Date: Thu, 18 Jun 98 12:19:08 CDT
From: (Brian Hauk)
Subject: Rightist Assaults On Immigrants In Denmark Mark Class Polarization
Organization: InfoMatch Internet—Vancouver BC
Article: 37170
To: undisclosed-recipients:;
Message-ID: <>

Rightist Assaults On Immigrants In Denmark Mark Class Polarization

By George White, Militant, Vol.26 no.23, 15 June 1998

COPENHAGEN, Denmark—In the Folehaven district in the south of this city, ultrarightist attacks against immigrants have escalated. These attacks register the polarization that has sharpened in Denmark as class tensions heat up in the wake of a two-week general strike of 500,000 workers that shut down much of the country.

A number of residents of Folehaven, home to many immigrants from the Balkans and the Middle East, described to the Militant the daily harassment they face from the ultrarightist thugs and skinheads. Raja Zahoor, an immigrant worker originally from Pakistan, said that five or so years ago this type of intimidation did not exist in the neighborhood. The nazis go after the people of color first, then they go after the Danes, he explained.

Zahoor described how these thugs—many of whom live in the neighborhood—hang out in the local park and intimidate immigrants. They come with their pitbull dogs and terrorize people. They unleashed one of their dogs to attack an eight- year-old just recently, said Zahoor. This comes from their ignorance and from the government. They gave me a Danish passport but they didn't give me Danish rights. But you have to talk and you have to keep fighting.

Raja Tab, another Pakistani who lives in Folehaven, told of crosses being burnt at a nearby school, as well as a front door to the apartment of an immigrant family. Things have been getting worse. A lot of people are moving. We have families and young children to take care of, he said. Tab is moving to another neighborhood in the next week. He also told us of a local shopkeeper who had been assaulted at gunpoint and beaten because he was married to an immigrant from Thailand.

We have called the police many times, Tab explained angrily, but they just issue warnings to the nazis when we are attacked and nothing changes.

According to a report in Politken, a national Danish daily, these attacks have intimidated residents in the neighborhood to the point where some will not leave their homes after 5:00 p.m. Many other immigrant families keep their back doors locked in the summertime. The article says these thugs have served as bodyguards for Jonni Hansen, a leader of the Danish National Socialist Party, an openly pro- nazi formation.

A hotel worker from Afghanistan, who requested his name not be used, and who has lived in Denmark for 6 years, told of discrimination when he visited the unemployment office. When there's a choice between a native-born worker and myself, they give the job to a Dane. And even if I get a job, you can be sure that I will get the one with the worst hours, he said.

This worker said there was no union at his hotel and that, as a result, he hadn't participated in the general strike. Perhaps the strike will help and people will see that we are all workers, all human beings. But I'm not so sure.

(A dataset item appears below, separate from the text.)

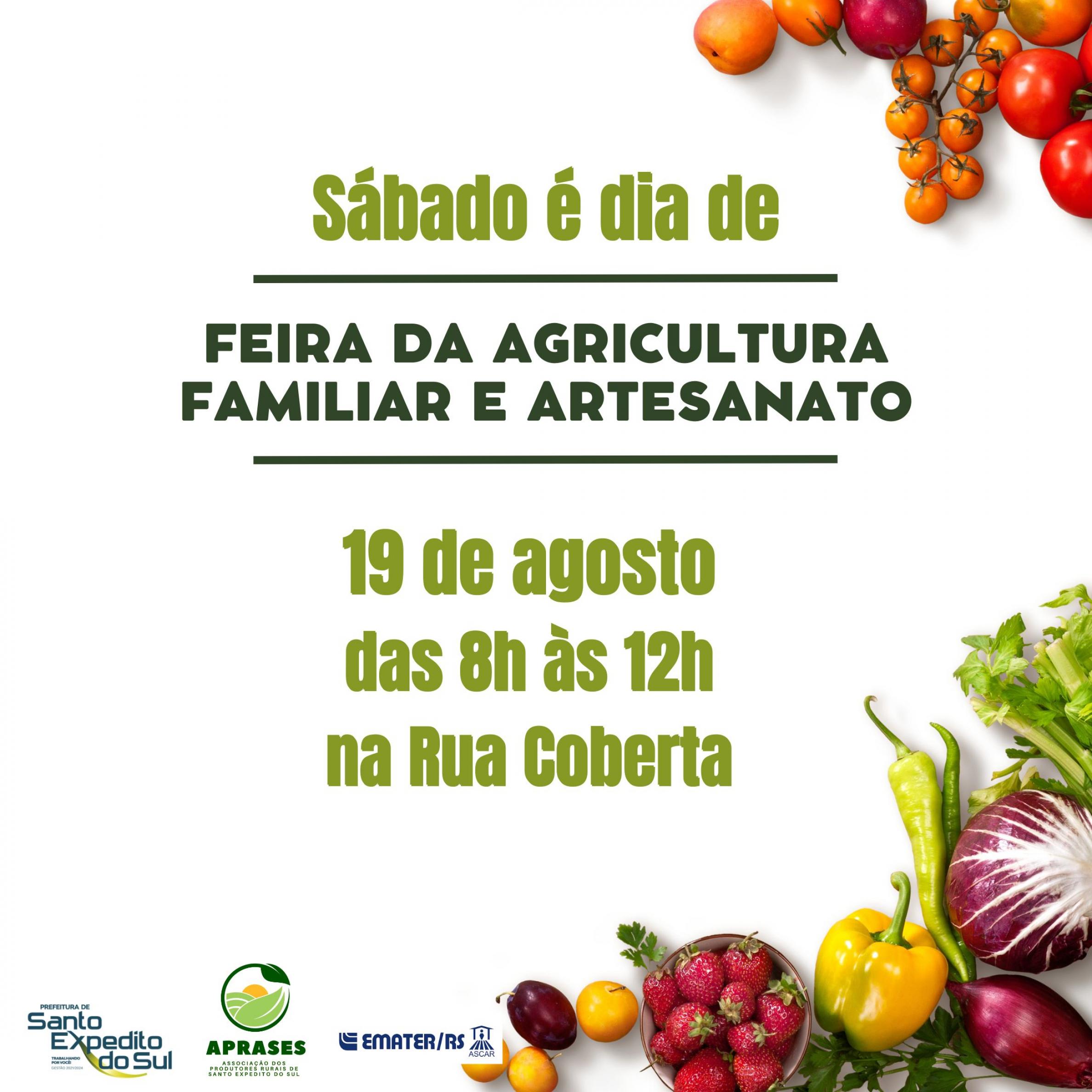 Quem está aguardando para adquirir produtos coloniais, frutas e verduras, além de artesanato, pode participar de mais uma edição da Feira da Agricultura Familiar e Artesanato, que ocorre neste sábado, dia 19 de agosto. Os produtores estarão disponíveis para comercializar os seus produtos na Rua Coberta, a partir das 08h até às 12h. A comunidade está convidada a prestigiar.

Newspapers in Birkerod, a city to the north of Copenhagen, reported that the local offices of the SID, the national union of semiskilled and unskilled workers, were severely damaged on May 2 by arson during the general strike. While no direct links to ultrarightist forces have been proven, local police speculated that the arson was tied to forces opposed to the union.

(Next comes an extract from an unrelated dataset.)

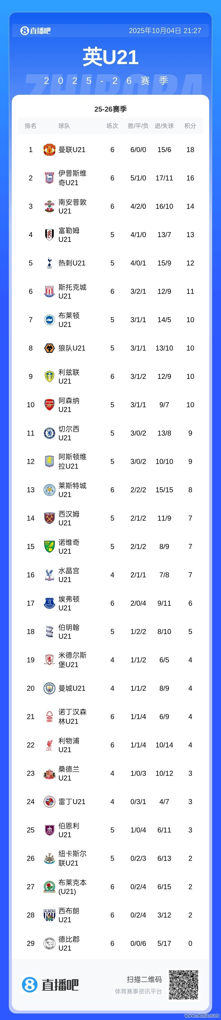 10月4日讯 英超U21联赛第6轮,曼联U21队2-1打败埃弗顿U21队。红魔后生军本赛季于今联赛6战保捏全胜,领跑积分榜。

In the recent vote to approve the Amsterdam Treaty, the latest attempt to cobble together the shaky European Union, both the organized Yes and No campaigns resorted to demagogic anti-immigrant appeals. This has emboldened the skinheads and ultrarightists. At the same time, protests against anti-immigrant violence are being seen in Denmark, such as a demonstration last August in Roskilde, when 1,000 people marched against a public commemoration of nazi leader Rudolph Hess by a group of 140 fascists.